Some legal analysts suggest the case could be a watershed. “The Pennsylvania Supreme Court has drastically changed the data breach litigation landscape by holding that an employer has a common law duty to use reasonable care to safeguard its employees’ personal information stored on an internet-accessible computer,” according to a research note by the Privacy and Data Security Group at labor law firm Ballard Spahr LLP. “This decision is likely to have a very significant impact on cybersecurity-related litigation in and beyond Pennsylvania, as negligence is now a viable cause of action for inadequate data security under Pennsylvania law.”

The firm expects to see a spike in data breach-related claims brought in Pennsylvania courts and under Pennsylvania negligence law, and that entities that operate in Pennsylvania or collect personal information about Pennsylvania residents need to review the reasonableness of their current cybersecurity policies and procedures to protect personal information from unauthorized access or acquisition.

Case 3. Security Screenings and Compensated Time

Following eight years of litigation, in 2014, the US Supreme Court ruled that a staffing company’s employees, working in Amazon warehouses, were not entitled to be paid for the time they spent in anti-theft security lines at the end of their shifts. That did not end the matter, however.

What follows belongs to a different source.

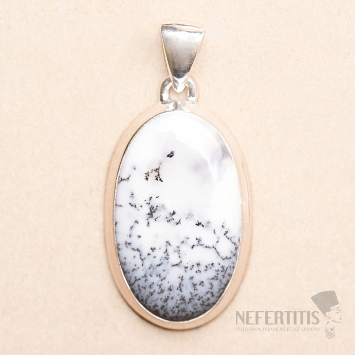 Ein bezaubernder Silberanhänger mit einem dendritischen Opal , der mit seiner weiß-grauen Farbe und dem wunderschönen Muster der Einschlüsse das Bild einer verschneiten Landschaft wie aus der Feder alter chinesischer Landschaftsmaler hervorruft. Ein zartes und filigranes, aber dennoch unverwechselbares und attraktives Schmuckstück. Ein außergewöhnlich schöner Stein, den wir nur selten in unserem Angebot haben. Ag 925. Sie erwerben hier direkt den abgebildeten Schmuck.

The Sixth Circuit Court of Appeals revived the workers’ claims under Nevada law because time undergoing a security screening is compensable according to that state’s wage law. The court noted that some state laws don’t apply the same test as federal law when determining whether certain time at the workplace is considered work time that must be compensated. So, Amazon and its staffing company may have to pay warehouse workers for their time going through anti-theft security screenings at the end of their shifts, the federal appeals court ruled.

“Employers must carefully scrutinize the interplay between applicable federal and state laws to ensure they are in compliance,” said Elayna Youchah, an attorney with the law firm Jackson Lewis, in an analysis of the verdict. (Busk v. Integrity Staffing Solutions, 6th Cir., No. 17-5784, Sept. 19, 2018.)